Total Presolve Time: 0.137313...

Solving...

granularity set at 0.000000
[New LWP 13023]
[New LWP 13024]
[New LWP 13025]
[New LWP 13026]
[New LWP 13027]
[New LWP 13028]
[New LWP 13029]
Thread 3 now processing node 0
****************************************************
* Now processing NODE 0 LEVEL 0 (from TM)
****************************************************



**** Starting iteration 1 ****

solving root lp relaxation
The LP value is: -349573521.608 [0,1296]

SH-FEAS: 0 --- -349553186.045000 
LS-FEAS: 0 --- -349553186.045000 
****** Found Better Feasible Solution !
****** After Calling Heuristics !
****** Cost: -349566986.753000

fathoming node (no more cols to check)


****************************************************
* Stopping After Finding First Feasible Solution   *
* Now displaying stats and best solution found...  *
****************************************************

My pre-solve time is substantially faster than yours, which is strange unless you are using a very old processor. I did set the prep level to 5, as you said you did, and I got the same number of constraints and variables but a different number of non-zeros. So it seems we are not solving quite the same problem. Maybe that is a clue?

You seem to be using your own driver, so I can't really be sure if there could be differences there. Could you try with the SYMPHONY executable that is automatically built and see if you have the same result? I was wondering if it might have something to do with running multi-threaded so you could also try building without OpenMP support and see if that makes a difference. If you could tell me exactly how you built SYMPHONY, that would help (what arguments to configure, etc.).
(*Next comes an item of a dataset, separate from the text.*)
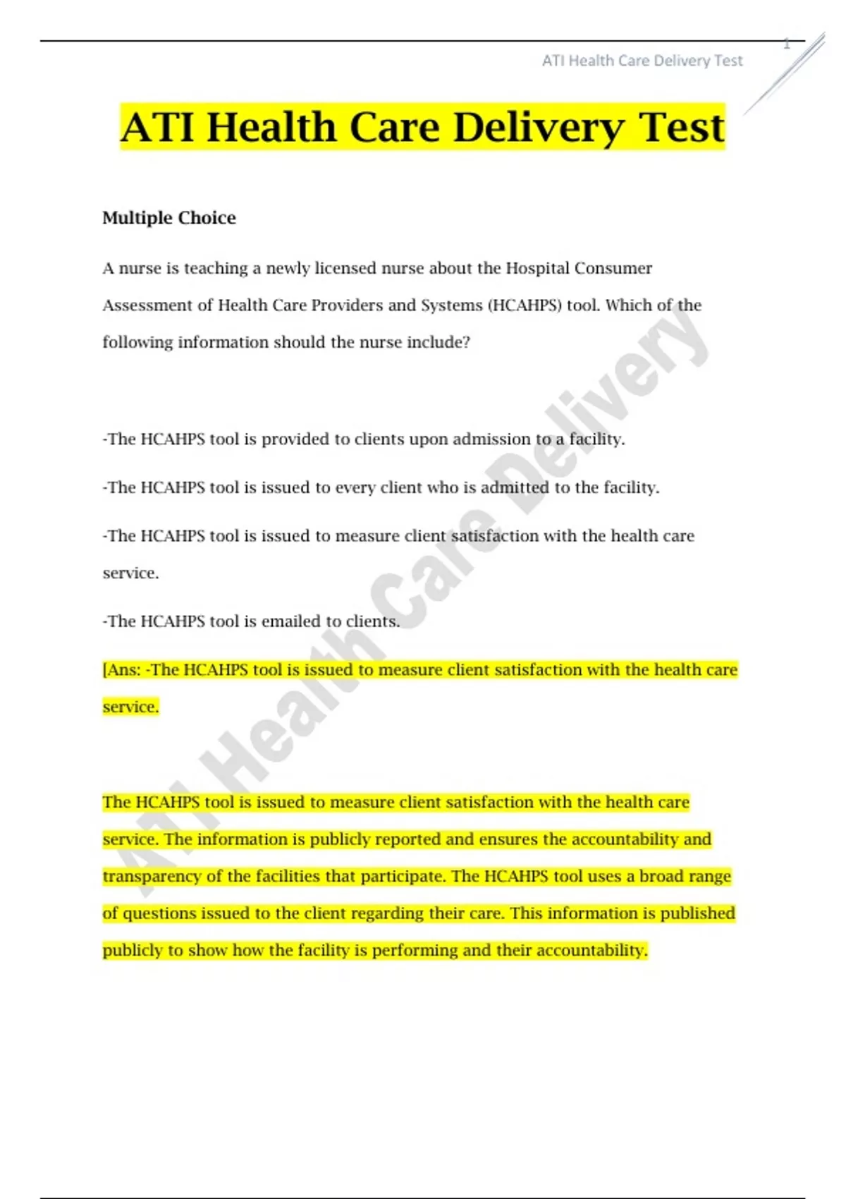 ATI Health Care Delivery Test | Questions Answered 100% Correct Multiple Choice A nurse is teaching a newly licensed nurse about the Hospital Consumer Assessment of Health Care Providers and Systems (HCAHPS) tool. Which of the following information should the nurse include? -The HCAHPS tool is provided to clients upon admission to a facility. -The HCAHPS tool is issued to every client who is admitted to the facility. -The HCAHPS tool is issued to measure client satisfaction with the health care service. -The HCAHPS tool is emailed to clients. [Ans: -The HCAHPS tool is issued to measure client satisfaction with the health care service. The HCAHPS tool is issued to measure client satisfaction with the health care service. The information is publicly reported and ensures the accountability and transparency of the facilities that participate. The HCAHPS tool uses a broad range of questions issued to the client regarding their care. This information is published publicly to show how the facility is performing and their accountability

I looked over the diff between the two versions and there really isn't any change that would have affected the solve time, so there's not a lot for me to go on. I did actually find a bug related to I found a bug related to the printing of the lower bound, but it shouldn't affect anything here.

So I'm kind of at a dead end unless you can point me to some more clues or information.

BMagan01 · 2020-11-16T21:30:31Z

Hi Ted,

I am one of the developers working with xnaegamvala. Following up a bit on the above.

Does "using your own driver" just mean that we are using our own wrapper to load our own binary file ? We generate the LP file right after we load the problem from our own file so I suppose the LP file generated might be a for a slightly different problem.

Our linux build (on a centos environment) uses the coinbrew utility to build the shared objects - the wrapper executable dynamically loads these shared objects. On windows, we are just using the provided visual studio projects (VS2015) to build the various symphony libraries that are statically linked into our wrapper executable.

In my local testing of the issue on windows, I forced the number of threads to 1 (sym_int_TM_max_active_nodes=1). I could attempt to build without OpenMP support. However, I believe that by setting the processing threads to 1 parallel processing can probably be ruled out as the root cause.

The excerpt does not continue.